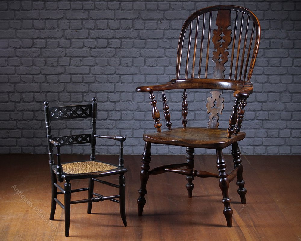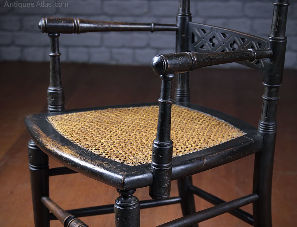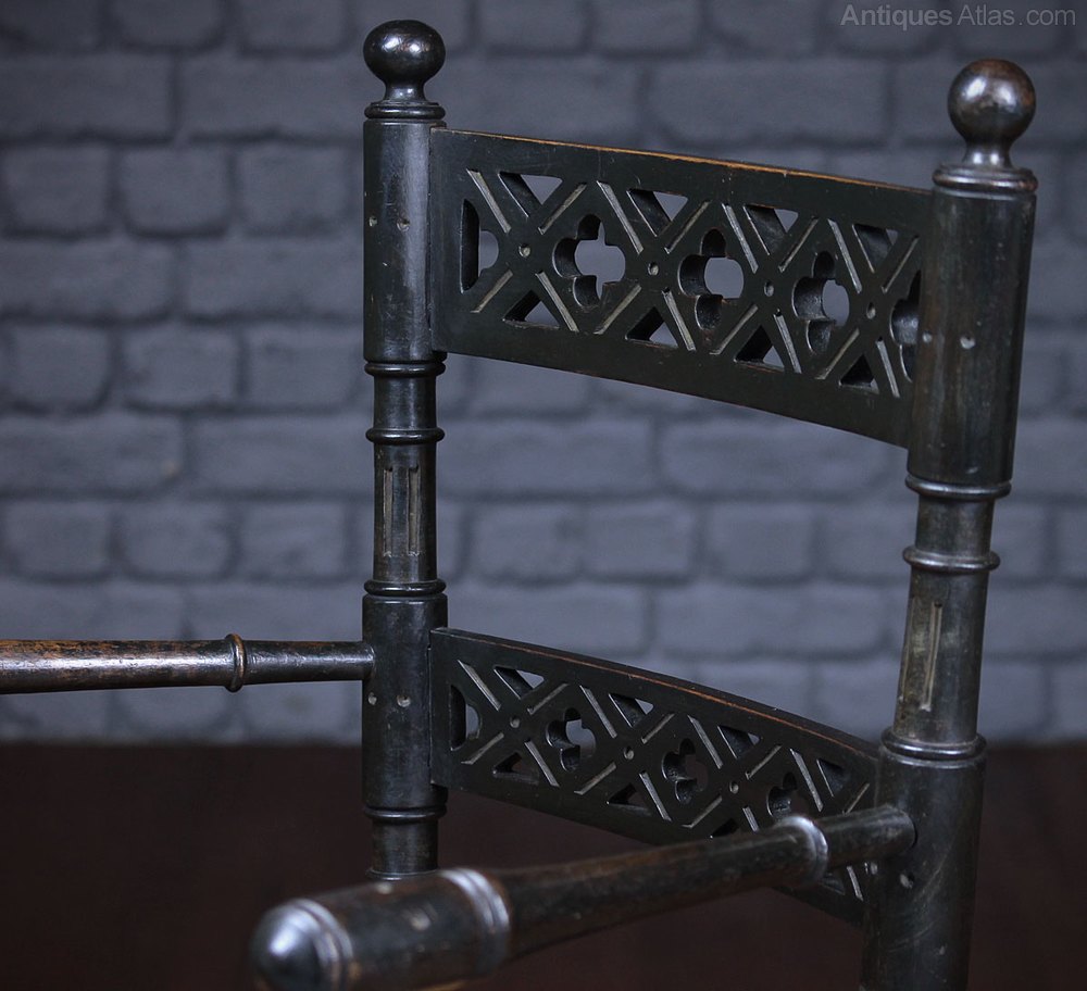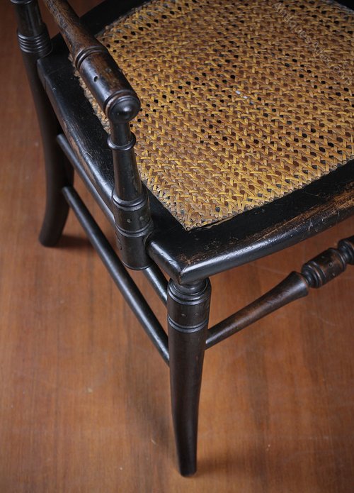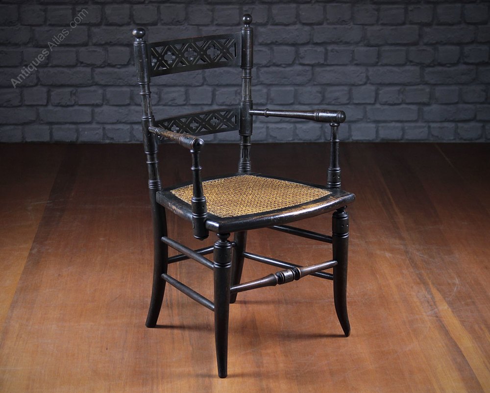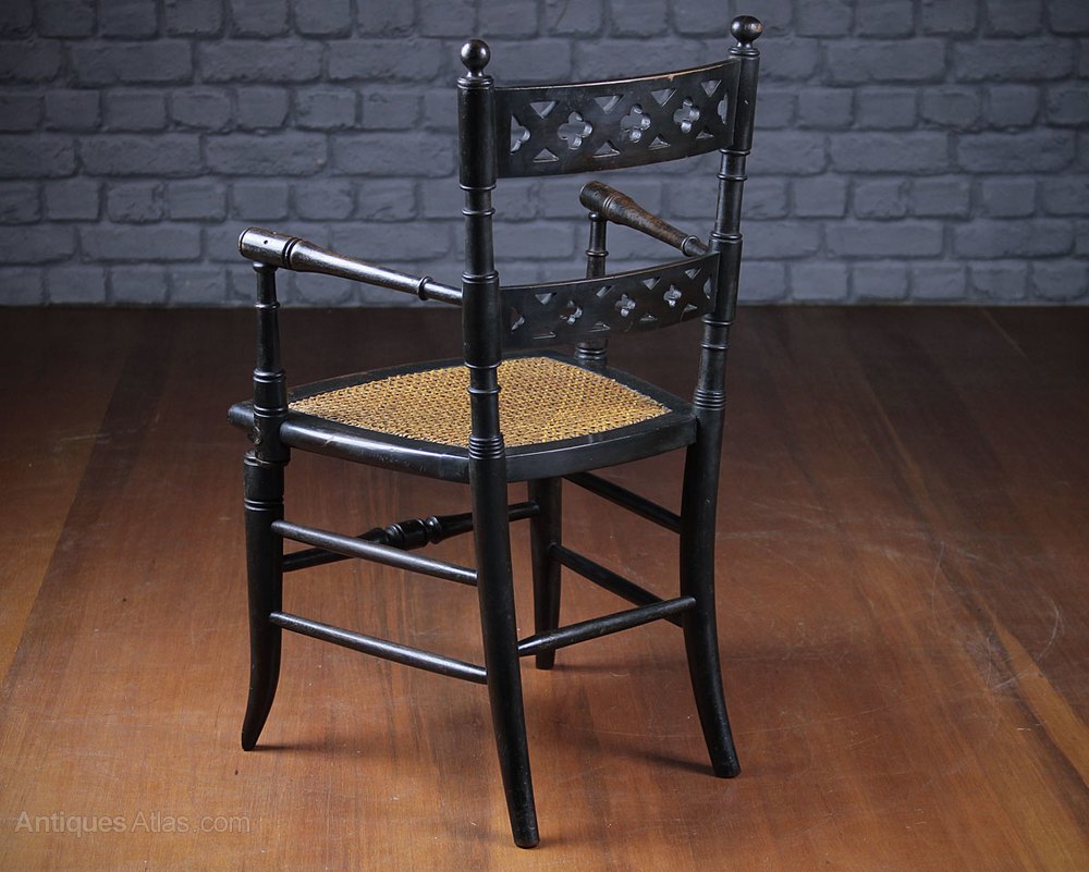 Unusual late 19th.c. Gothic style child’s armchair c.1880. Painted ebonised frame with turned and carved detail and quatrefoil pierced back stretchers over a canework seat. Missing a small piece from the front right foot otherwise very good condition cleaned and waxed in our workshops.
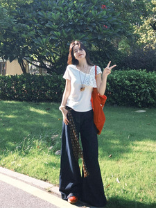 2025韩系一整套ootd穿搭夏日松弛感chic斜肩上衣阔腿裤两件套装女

-*-

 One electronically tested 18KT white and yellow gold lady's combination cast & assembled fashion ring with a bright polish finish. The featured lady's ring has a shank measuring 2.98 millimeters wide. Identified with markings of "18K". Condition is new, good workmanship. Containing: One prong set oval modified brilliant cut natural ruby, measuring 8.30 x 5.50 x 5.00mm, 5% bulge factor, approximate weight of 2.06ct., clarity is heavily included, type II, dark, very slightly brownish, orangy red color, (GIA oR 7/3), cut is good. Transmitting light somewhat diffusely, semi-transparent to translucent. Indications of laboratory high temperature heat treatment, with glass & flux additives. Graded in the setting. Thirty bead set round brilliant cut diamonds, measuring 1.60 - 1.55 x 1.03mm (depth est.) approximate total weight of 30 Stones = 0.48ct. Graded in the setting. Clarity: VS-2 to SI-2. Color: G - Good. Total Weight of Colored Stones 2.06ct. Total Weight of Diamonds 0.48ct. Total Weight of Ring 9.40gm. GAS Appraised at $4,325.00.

-*-

* **WHAT IS REQUIRED**: Only the lines above from the one containing "Unusual late 19th.c." through the one containing "2025韩系一整套ootd穿搭夏日松弛感chic斜肩上衣阔腿裤两件套装女" should be returned, verbatim and inclusive, with pictures excluded.

* **ANSWER SPACE**:
 Unusual late 19th.c. Gothic style child’s armchair c.1880. Painted ebonised frame with turned and carved detail and quatrefoil pierced back stretchers over a canework seat. Missing a small piece from the front right foot otherwise very good condition cleaned and waxed in our workshops.
 2025韩系一整套ootd穿搭夏日松弛感chic斜肩上衣阔腿裤两件套装女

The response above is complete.